After pulling into a parking space at the McDonalds on Kuhio Highway, I sprinted out of my car and ran for the entrance to the fast food restaurant. Originally, Ed Case had wanted to meet at the Tip Top Cafe, just down the street from a back road that leads to McDonalds, but it turned out that they are closed on Monday mornings (oddly enough), so Case chose to meet here instead. Immediately the former congressman, who is now running for Senate, expressed friendly Aloha-spirit as he offered to buy me breakfast. I thanked him, but refused, feeling grateful enough to be able to fit into a time slot to meet with him in his busy schedule.

While Case was waiting for his breakfast he talked to another man in line, who lived in Lihue and was looking to be a construction worker. The man was busy, but he was enthusiastic to have a casual conversation with Case. Case made sure to shake the man’s hand before he left, as well as the hands of everyone else present in the restaurant, before he even began his breakfast. I was impressed and respected his friendly attitude.

As I was setting up my voice recording equipment, the former congressman asked me about my educational background and what I did for a living. Ed Case and I both graduated from the same high school, which is Hawaii Preparatory Academy (HPA) in Kamuela, on the Big Island. I told him I was excited to be able to speak with him, especially after meeting him in Washington, D.C. while he was in the House of Representatives. Only this time, I was able to talk to him one-on-one, strictly politics!

Case was fast to switch from casual small talk to “business-mode,” and within seconds our conversation was definitely steeped in politics and a “full-throttle” political agenda. I asked Case as many questions as I could during the interview, which lasted 27 minutes and 43 seconds.

M.K.: What would you say is your primary focus and/or message for your political
campaign, if you could sum it up?

E.C.: Fix Washington. We cannot get those[political and social]challenges solved until we arrive at a different way to govern our country, where we’re not simply fighting with each other all the time, and we are all focused on solving our problems; building the bridges to solve our problems. And that’s not Washington today.

Washington today is about partisan divisions that don’t talk to each other. Washington today is
also about “inside Washington,” which isn’t about the rest of the country. And those divisions are crippling our ability to move forward, and that’s why 90% of the American people, including 90% of people on Kauai, are very disenchanted with how America is working; and this is our opportunity as one state in the country to contribute to a different way of governing Washington.
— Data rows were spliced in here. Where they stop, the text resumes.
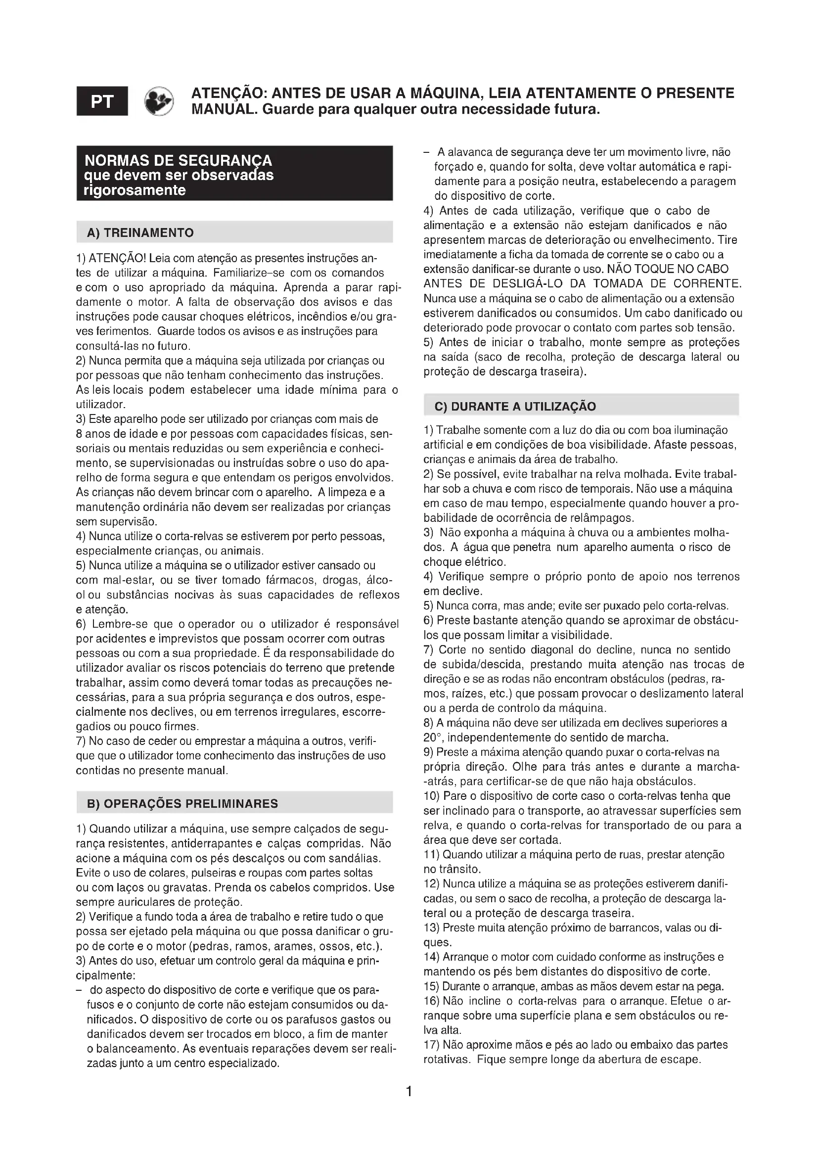 ATENÇÃO: ANTES DE USAR A MÁQUINA, LEIA ATENTAMENTE O PRESENTE MANUAL. Guarde para qualquer outra necessidade futura. – A alavanca de segurança deve ter um movimento livre, não forçado e, quando for solta, deve voltar automática e rapi- damente para a posição neutra, estabelecendo a paragem do dispositivo de corte.
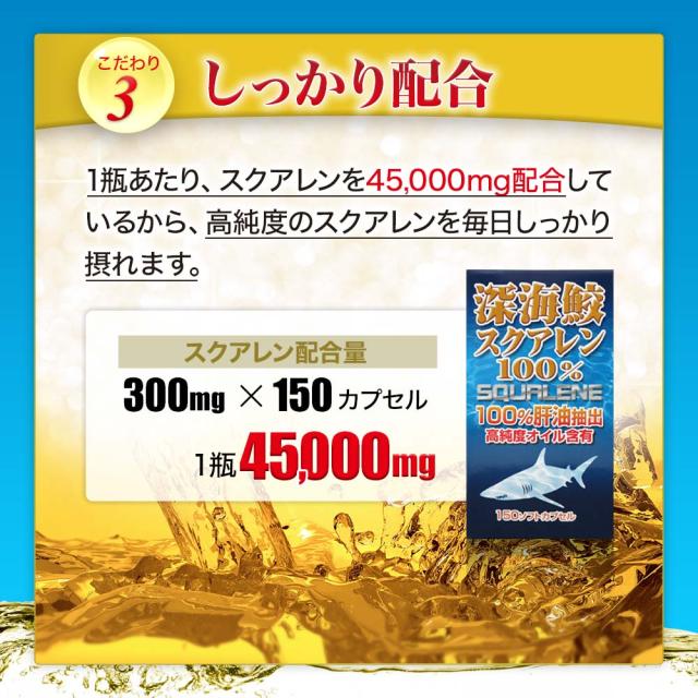 深海鮫スクアレン100% 150球×6個セット 約180〜222日分 送料無料 宅配便 | スクアレン 100% 肝油 深海鮫 深海鮫エキス サメエキス サメ 鮫肝油 サメの肝油 肝臓 アイザメ アイ鮫 サプリ サプリメント 粒 カプセル 男性 女性 まとめ買い
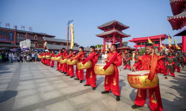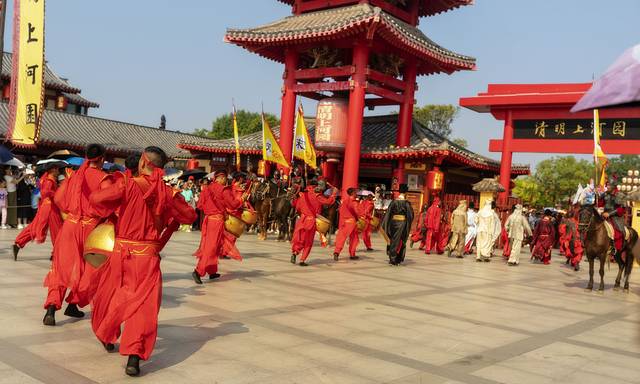 早上九点,清明上河园“包公迎宾”入园仪式准时开场!粗犷的栅栏猛地抽开,一群“红孩儿”敲锣打鼓,鱼贯而出!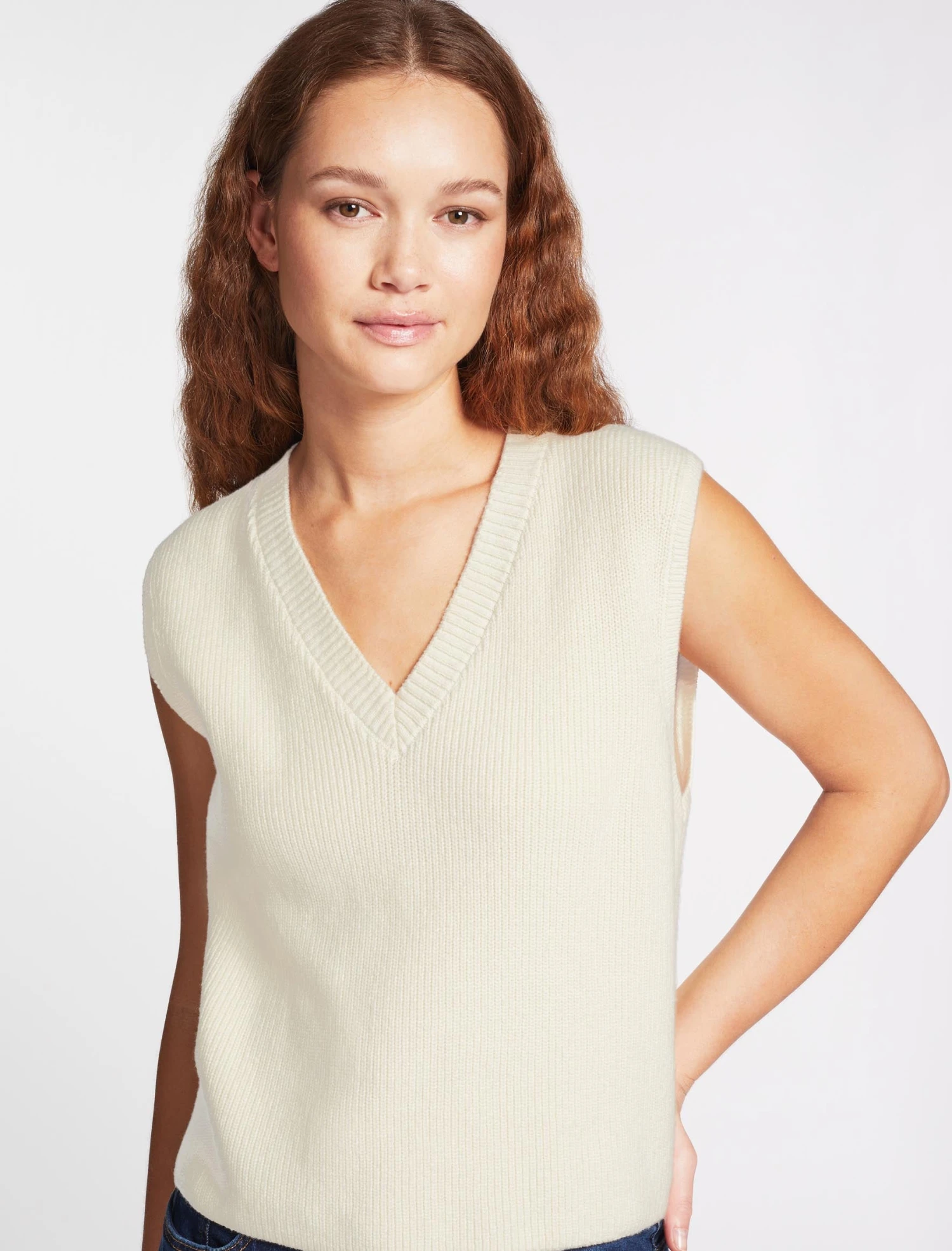A multitasking and lightweight alternative to our winter vest knits, Julie is designed in a cotton-and-merino blend that’s soft and cool on the skin. The wider shoulders, V-neck and boxier fit mean it can be worn alone or layered over a T-shirt such as Madison with our skirts – cue Sierra and Sidney or our Hayden trouser.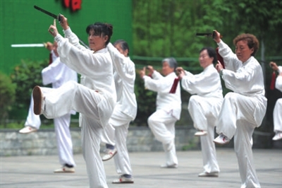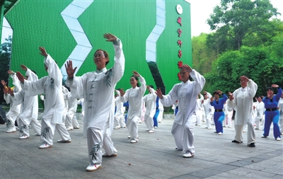 初夏的潜山,景色怡人,空气清新。6月3日清晨,100余名太极拳爱好者在潜山竹子博览馆前齐打太极,一招一式张弛有度,如行云流水,如此壮观的场景成为潜山公园里一道靓丽的风景线。

M.K.: When you say “partisan divisions,” are you referencing “Republicans” and “Democrats” in a way which means that they are focused on their own agendas and extreme ideologies to solve problems? While researching your campaign agenda, I noticed you mentioned the focus of parties on extreme ideologies. It seems that most are not willing to compromise to come up with a solution.

E.C.: I think that’s true; it’s too simplistic to talk about the entire problem of our country
being just Democrats versus Republicans. It’s actually a little bit more complicated than that. It is the extremes of the Democratic Party against the extremes of the Republicans. The only debate in Washington right now is between the far left 10% and the far right 10%, but whatever happened to the other 80% out there? There are a lot of Democrats and a lot of Republicans, and frankly a 
lot of Independents right now who don’t affiliate with either party, all who want to solve a lot of our problems. Washington is only about, right now, the extremes and fighting over who is 
going to win, as opposed to working it out in the middle. And that’s where our problems are going to be solved.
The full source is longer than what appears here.